(Beginning of Supplied data)

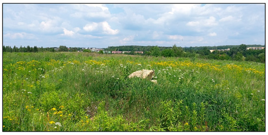 Concerning shrub communities, in the north-east of the town, a small fragment of agricultural landscape has been preserved where a natural fringe community and thickets from the class of Rhamno-Pruneteae and the order of Prunetalia spinosae grow. These are dominated by xeromorphic shrubs such as Prunus spinosa, Rhamnus catarcticus, Crataegus monogyna, Rosa canina and often Corylus avellana. This community is scattered throughout the area, mainly in unused agricultural areas on the quarry’s outskirts in “Żychcice–Saturn” and post-limestone pits (Figure 1) or other hills on the town border. These communities also create habitats for many organisms associated with open areas and inhibit soil erosion processes.
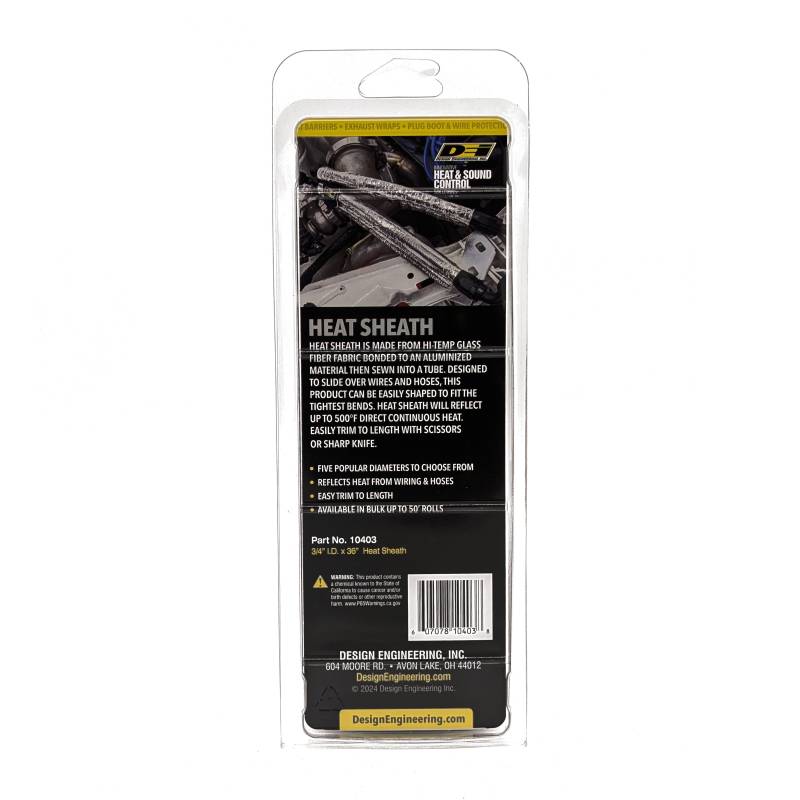 Heat Sheath .75in x 36in Heat Sheath solves the problem of heat and abrasions causing failure of lines, hoses & wires. Designed to slide over wires, cables and hoses, Heat Sheath provides the ultimate protection from extreme heat as well as chemical and oil spills, dirt, grease and road grime. Constructed from a high temperature fabric and bonded to an aluminized material to reflect heat. Heat Sheath is fireproof and wit'stands direct heat up to 500F. Pliable for tight bends Capable of wit'standing 2000F radiant heat Trim to desired length NOTE: Each diameter is available up to 50 ft lengths. Other diameters are also available as a special order. Items with custom cut patterns andDO NOT apply directly to exhaust components. Capable Of Wit'standing 500 Degrees F Direct/2000 Degrees F Radiant Heat Pliable For Tight Bends Trim To Desired Length
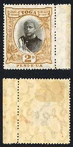 Tonga SG76a 2d Die 3 Corner example U/M (mounted in the margin) Cat 13 pounds
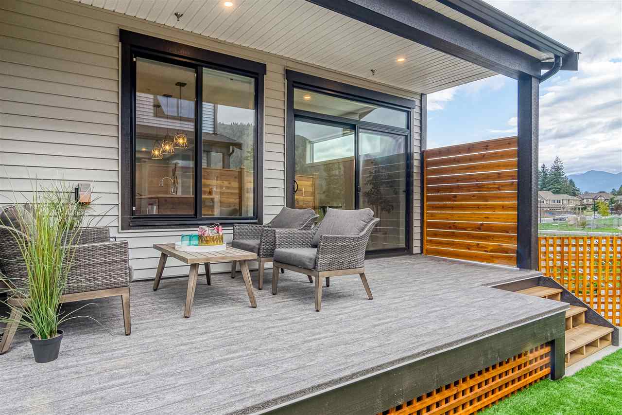 “GREYSTONE” @ Webster Crossing! An exclusive collection of the LATEST & GREATEST for townhomes in Sardis’ most sought after area. Steps to the Vedder River, numerous parks, UFV, Unsworth Elementary, Garrison Crossing, & 5 mins to highway 1 & Cultus Lake– the location CANNOT be beat. This PRIME END UNIT features a stunning main floor with vinyl plank floors, modern colors, open concept kitchen w/ white shaker cabinets & stainless steel appliances, & direct walk out access to a FULLY FENCED BACKYARD. Master w/ vaulted ceiling, walk in closet, & full ensuite washroom. Want more? How about a large finished rec room in the bsmt! Rentals & pets of all sizes are welcome. Don’t miss your chance to call Greystone your home! End units are rare and DO NOT LAST!

(End of Supplied data)

- **Your instructions**
Repeat the material exactly. Any picture in it should be dropped.

- **Expected answer**
 Concerning shrub communities, in the north-east of the town, a small fragment of agricultural landscape has been preserved where a natural fringe community and thickets from the class of Rhamno-Pruneteae and the order of Prunetalia spinosae grow. These are dominated by xeromorphic shrubs such as Prunus spinosa, Rhamnus catarcticus, Crataegus monogyna, Rosa canina and often Corylus avellana. This community is scattered throughout the area, mainly in unused agricultural areas on the quarry’s outskirts in “Żychcice–Saturn” and post-limestone pits (Figure 1) or other hills on the town border. These communities also create habitats for many organisms associated with open areas and inhibit soil erosion processes.
 Heat Sheath .75in x 36in Heat Sheath solves the problem of heat and abrasions causing failure of lines, hoses & wires. Designed to slide over wires, cables and hoses, Heat Sheath provides the ultimate protection from extreme heat as well as chemical and oil spills, dirt, grease and road grime. Constructed from a high temperature fabric and bonded to an aluminized material to reflect heat. Heat Sheath is fireproof and wit'stands direct heat up to 500F. Pliable for tight bends Capable of wit'standing 2000F radiant heat Trim to desired length NOTE: Each diameter is available up to 50 ft lengths. Other diameters are also available as a special order. Items with custom cut patterns andDO NOT apply directly to exhaust components. Capable Of Wit'standing 500 Degrees F Direct/2000 Degrees F Radiant Heat Pliable For Tight Bends Trim To Desired Length
 Tonga SG76a 2d Die 3 Corner example U/M (mounted in the margin) Cat 13 pounds
 “GREYSTONE” @ Webster Crossing! An exclusive collection of the LATEST & GREATEST for townhomes in Sardis’ most sought after area. Steps to the Vedder River, numerous parks, UFV, Unsworth Elementary, Garrison Crossing, & 5 mins to highway 1 & Cultus Lake– the location CANNOT be beat. This PRIME END UNIT features a stunning main floor with vinyl plank floors, modern colors, open concept kitchen w/ white shaker cabinets & stainless steel appliances, & direct walk out access to a FULLY FENCED BACKYARD. Master w/ vaulted ceiling, walk in closet, & full ensuite washroom. Want more? How about a large finished rec room in the bsmt! Rentals & pets of all sizes are welcome. Don’t miss your chance to call Greystone your home! End units are rare and DO NOT LAST!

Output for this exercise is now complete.